Tim Shipman at the Telegraph (UK) has more:

Details of the spike in threats to Mr Obama come as a report last week by security and intelligence analysts Stratfor, warned that he is a high risk target for racist gunmen. It concluded: "Two plots to assassinate Obama were broken up during the campaign season, and several more remain under investigation. We would expect federal authorities to uncover many more plots to attack the president that have been hatched by white supremacist ideologues."

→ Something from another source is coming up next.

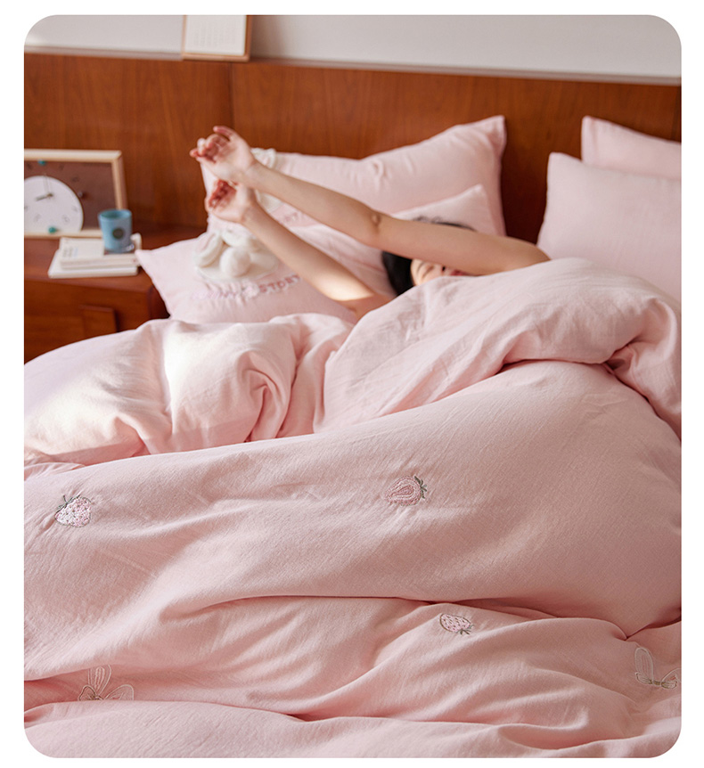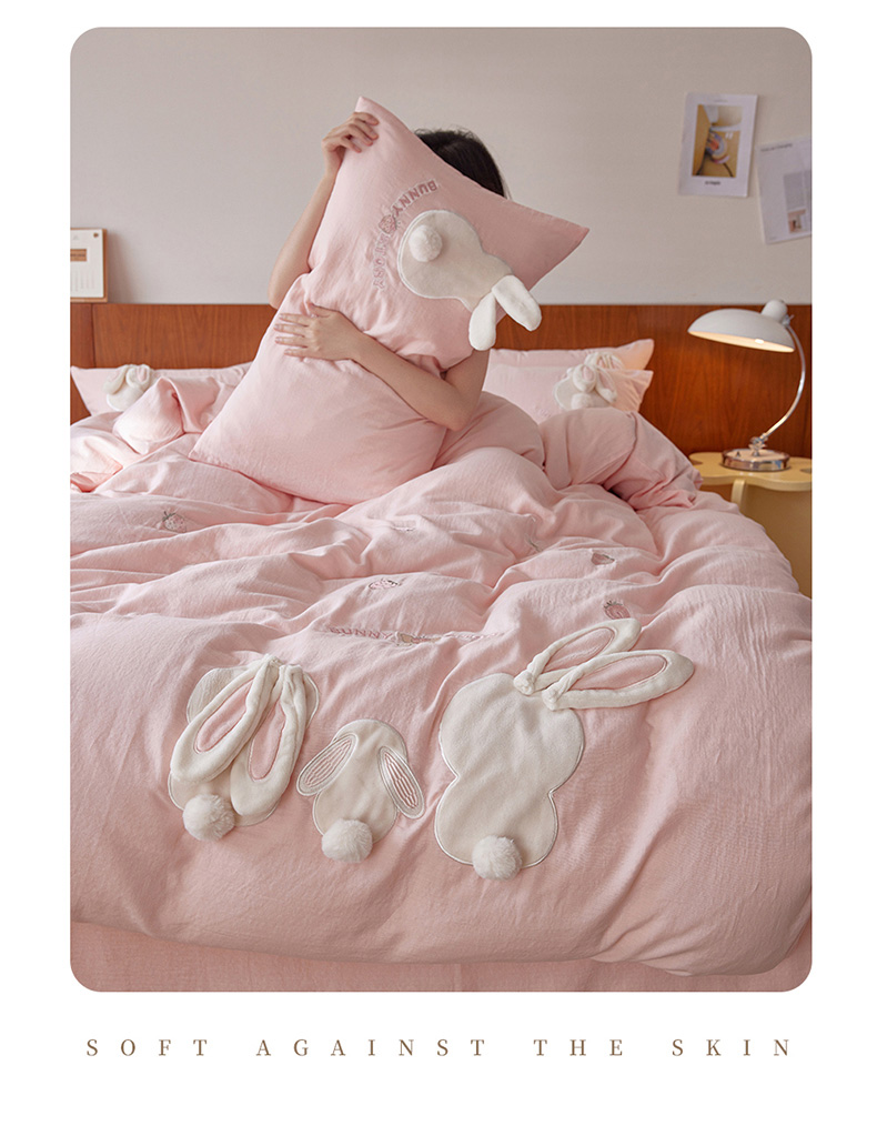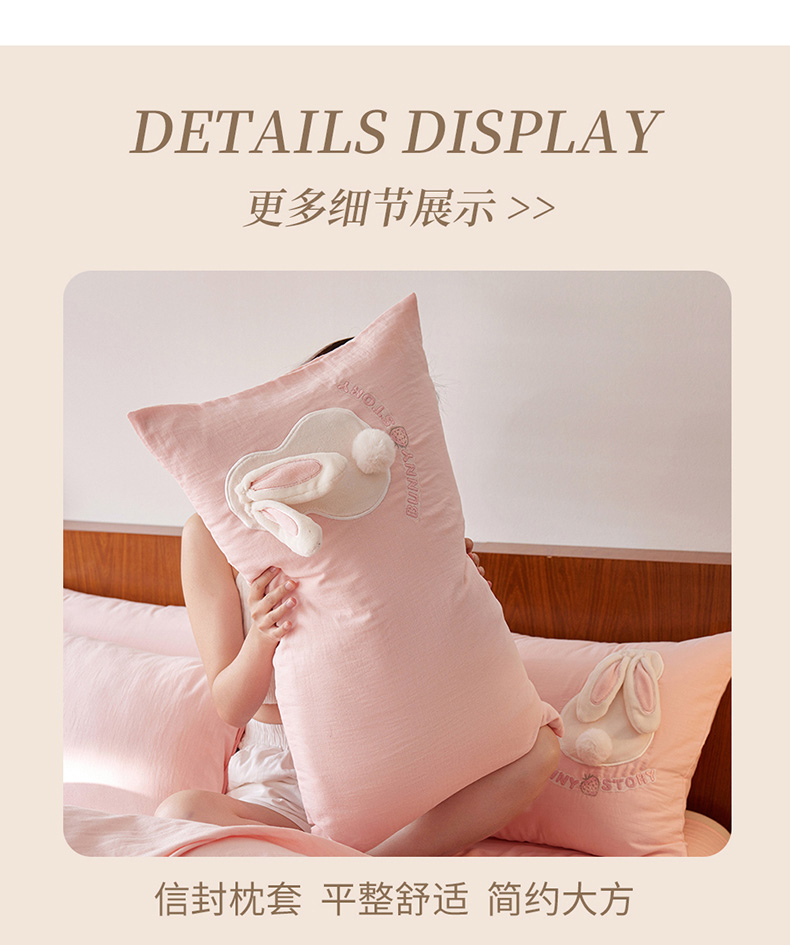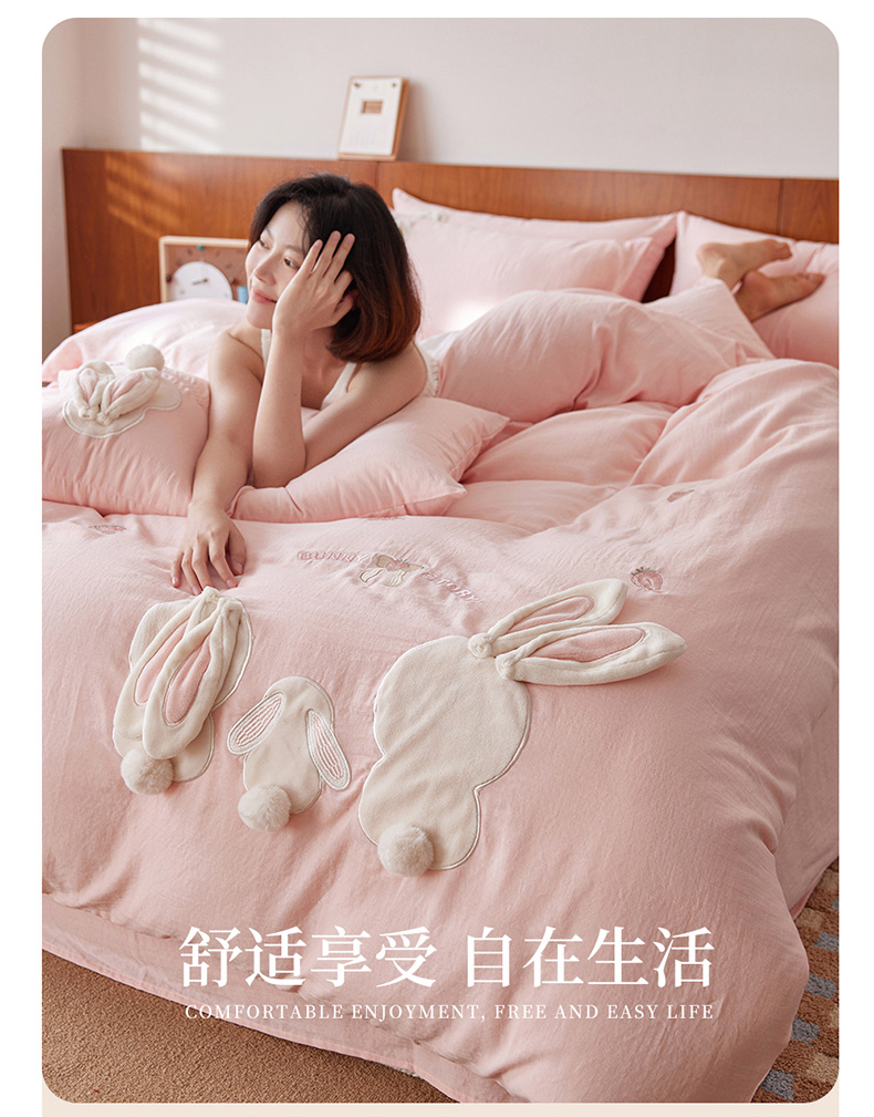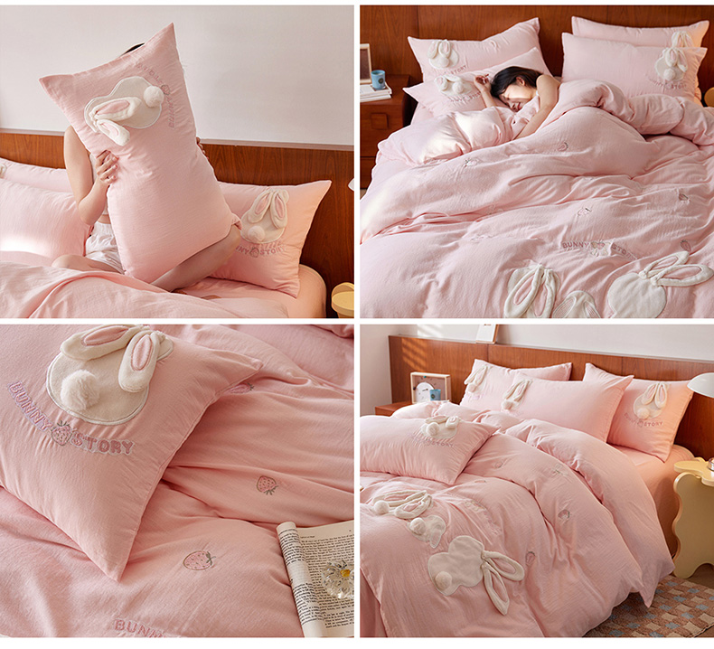 当前位置: 91家纺网 > 商品网购 > 床品套件 > 四件套 > 全棉普通四件套 > 爱缦 2025新款A类全棉水洗双层纱四件套-草莓兔系列(控价298起) 草莓兔-粉色

Irate John McCain aides, who blame Mrs Palin for losing the election, claim Mrs Palin took it upon herself to question Mr Obama's patriotism, before the line of attack had been cleared by Mr McCain.



There was a reason, I think, that people were repelled by the ugliness that proceeded from the McCain/Palin campaign this year -- common sense, after all, should tell you where this kind of ugliness was heading. It showed up at the polls.

The problem is finding a way to put out the fuse that they lit.